All of us are bombarded each day with millions of bits of information, and we get lucky when we know where we want to focus—or which possibilities we want to fire up. Estimates vary, but big-data analysts at IBM say we create some 2.5 quintillion bytes of data every day—which you can write out as 2,500,000,000,000,000,000, if that helps you see just how big a number we’re talking about. Needless to say, we’re not built to take in even the tiniest fraction of that. Possibilities abound in every direction, and if you wait for one of those bytes or possibilities or bits of stimulus to turn into luck, you’re sure to miss it. As with the gorilla video, you have to know where you’re looking—because it takes looking in the right place to get lucky.

 

Skate to Where the Puck Will Be

Gretzky was on four Stanley Cup–winning teams in the 1980s and 1990s and set extraordinary scoring records that still stand. When he was asked to explain how he scored so many goals, he always had one answer: “I skate to where the puck will be.”

In trying to figure out how to skate to where the puck will be, it helps to listen to the full advice Gretzky got from his hockey-obsessed dad. Even though Gretzky was naturally talented from a young age, his dad drilled him on the essentials of the game. In his autobiography, Gretzky reported that their conversations would go like this:

Dad: Where’s the last place a guy looks before he passes it?

Young Wayne: The guy he’s passing to . . .

Dad: Where do you skate?

Young Wayne: To where the puck is going, not where it’s been.

It’s easy to understand that you want to skate to where the puck will be, but the second part of that sentence is equally important. You don’t want to skate to where the puck has already been. In looking for luck or success, it’s natural to go where others have already found it. You may find it there—scientists tell us that lightning absolutely does strike twice in the same spot—but it’s also possible that the biggest luck opportunities will have moved on. Everybody else is clustering in the previously lucky area, so you might do well to try to figure out where that puck is going.

He had one other insight that works in life as well as hockey—“You miss 100 percent of the shots you don’t take.” In other words, you can’t get lucky unless you put yourself on the line. And for that, it’s necessary to pull yourself out of a comfort zone (and definitely out of bed) and meet the people who can make one thing lead to another. From the outside, it may look like you’ve been lucky, but you’ve really just skated to where the puck is going next.

 

Connect to the Power of Other People

The easiest way to expand your luck network may be through social media. It doesn’t take much effort to add a new friend on Facebook or up your number of Twitter posts. But this is only step one, and many studies suggest that online connections don’t really replace face-to-face encounters. When social media guru Sree Sreenivasan used Facebook in his job search, it was just a way to invite people to meet with him in person via his daily walks. The vast majority of people looking for jobs use online sources, and there’s no reason not to. But studies suggest that anywhere from 40 to 80 percent of people land jobs through direct contact with friends, colleagues, and connections. Having coffee with a former colleague may lead to more luck in the work world than another hour on LinkedIn.

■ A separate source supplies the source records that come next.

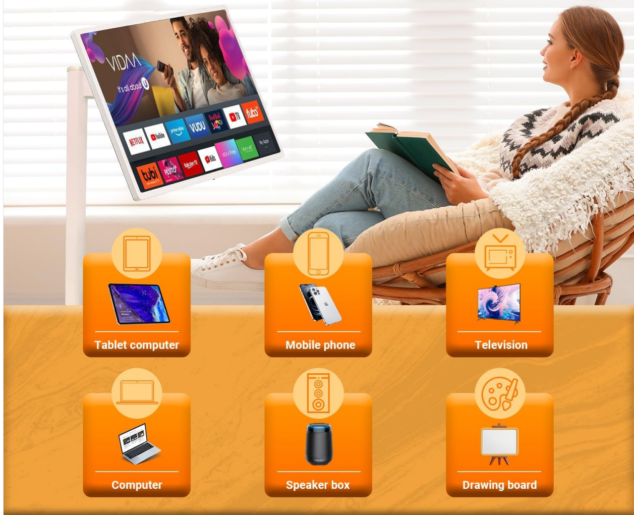
Figure 1: The JYXOIHUB portable monitor can integrate functionalities of six different devices, including tablet computers, mobile phones, televisions, computers, speaker boxes, and drawing boards.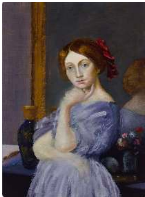
Elise Ansel The Red Ribbon (after Ingres) , 2015 Oil on linen., 30 x 22 inches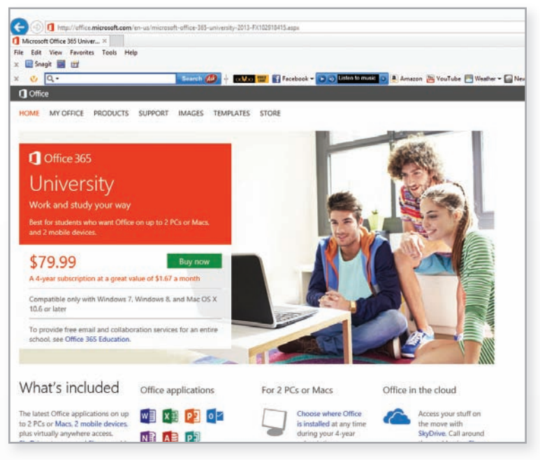
C-11 Office 365 University purchase site

To install Office 2013, you need to first purchase Office 2013. (See the comments earlier in this appendix about purchasing Windows 8; many times you will be given the best academic pricing through the computer services department.) You can also purchase Office 365 University (Office 2013) from: http://office.microsoft.com/en-us/microsoft-office-365university-2013-FX102918415.aspx (Figure C-11). Be sure to choose the appropriate Windows version when you purchase. Once you have the installation DVD, follow the steps in the following How To section to install the latest version of Windows Office applications.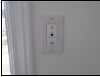
6.10 Picture 2

(3) The heat recovery ventilator filters including the outside fresh air intake screen will require cleaning on a regular basis (see manufacturers recommendations).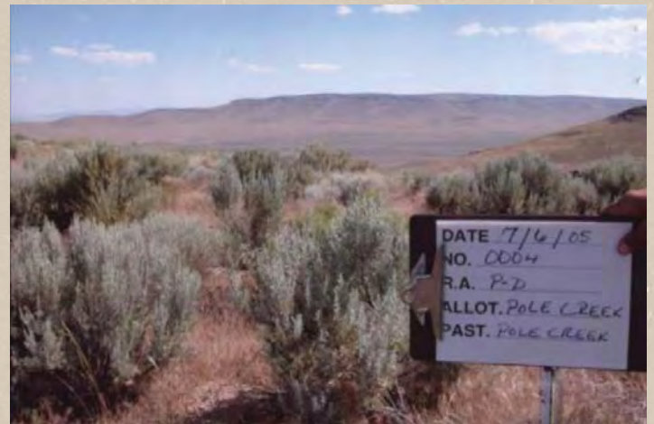
Figure 1b. This photo, taken 20 years after the Montana Fire, shows recovery of Wyoming big sagebrush, in addition to a variety of native bunchgrasses.

In the case of the Montana Fire that burned through Wyoming big sagebrush ( Artemisia tridentata ssp. wyomingensis ) in 1985, and was not seeded, cheatgrass covered the site the year after the fire (Fig. 1a). However, 20 years after the fire, monitoring plots showed an increase in cover percentages of Wyoming big sagebrush, Sandberg bluegrass ( Poa secunda ) and Thurber's Needlegras ( Achnatherum thurberianum ) and a reduction in cheatgrass (Fig. 1b). While Zielinski considers 20 years to be a relatively quick recovery time for shrubs, it is much longer than even so-called "long-term" research projects.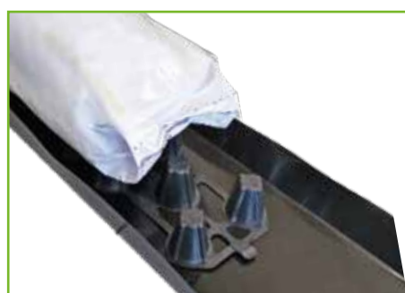
Long spacer 6 cm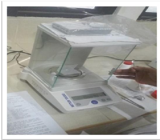
Proses Pembuatan Media Kultur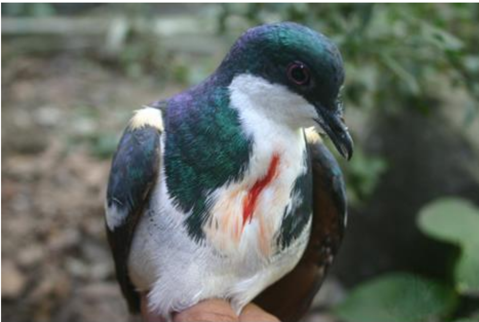
Color of the streak on its breast on breeding season.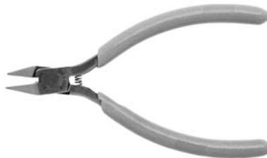
T0380 – Xcelite Tapered-Nose Pliers Midget 4" Full-Flush Cutting Taper Nose Pliers. Polished Oval Joint. Xcelite# 84CG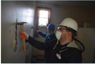
Demo Day at Fuller Centerny Disaster Team HQ at Emmanuel AME Church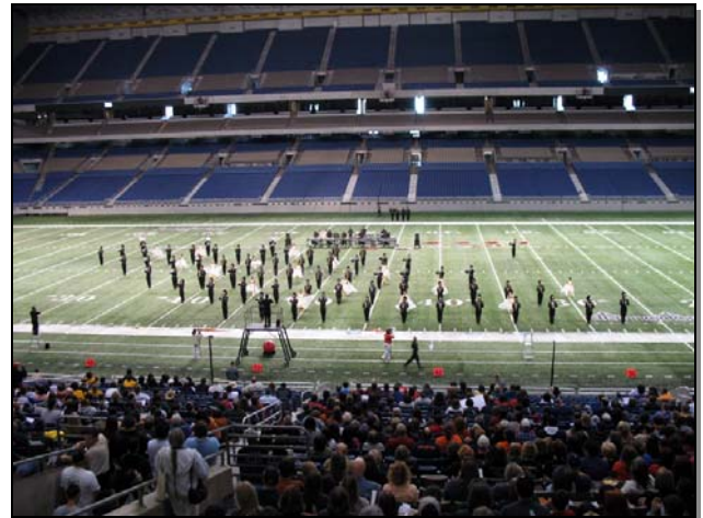
The Galena Park High School Band performed at the UIL State Marching Contest in San Antonio, TX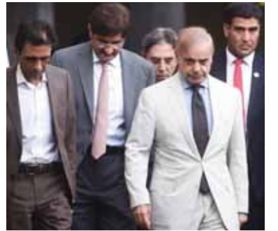
No surprises as Pakistan's new premier names cabinet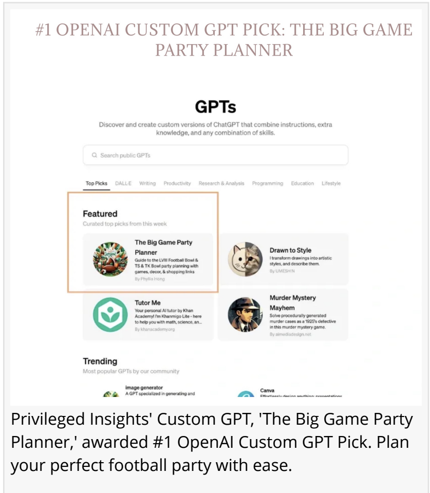
Privileged Insights' Custom GPT, 'The Big Game Party Planner,' awarded #1 OpenAI Custom GPT Pick. Plan your perfect football party with ease.

Privileged Insights: Leading the Charge from Day One

The same pattern is true if you’re looking to get lucky in love. Forty million or so Americans now use online dating sites, so these are a good way of expanding your potentially lucky links. But according to a 2016 Pew survey, even among people who have been with their partner for five years or less, fully 88 percent met through real-world connections. That may be changing—a recent survey from Match.com found that 39 percent of people now meet online. You can take these various survey numbers with a grain of salt (if not a whole shaker full), but you also have to remember that meeting is just the first step, and nobody gets married online. After you’ve swiped right on Tinder, you still have to do the face-to-face part: connect for a drink, get to know each other, decide if this is the person who will make you lucky in the future. You can’t miss the overall conclusion that luck comes from connecting directly with other people.

 

Zig When Others Zag

Mathematician Steven Strogatz has such powerhouse credentials that he could have decided to follow the straight line throughout his career (going from point A to point B, as it were). He has degrees from Princeton, Cambridge, and Harvard and is now a chaired professor at Cornell. But he’s also charming and amusing (not just for a math guy) and believes that you can create luck with the unexpected. One of the sections on his website is called “Fun.” He has written popular math columns for The New York Times and has the best-named mathematics book ever: The Joy of X.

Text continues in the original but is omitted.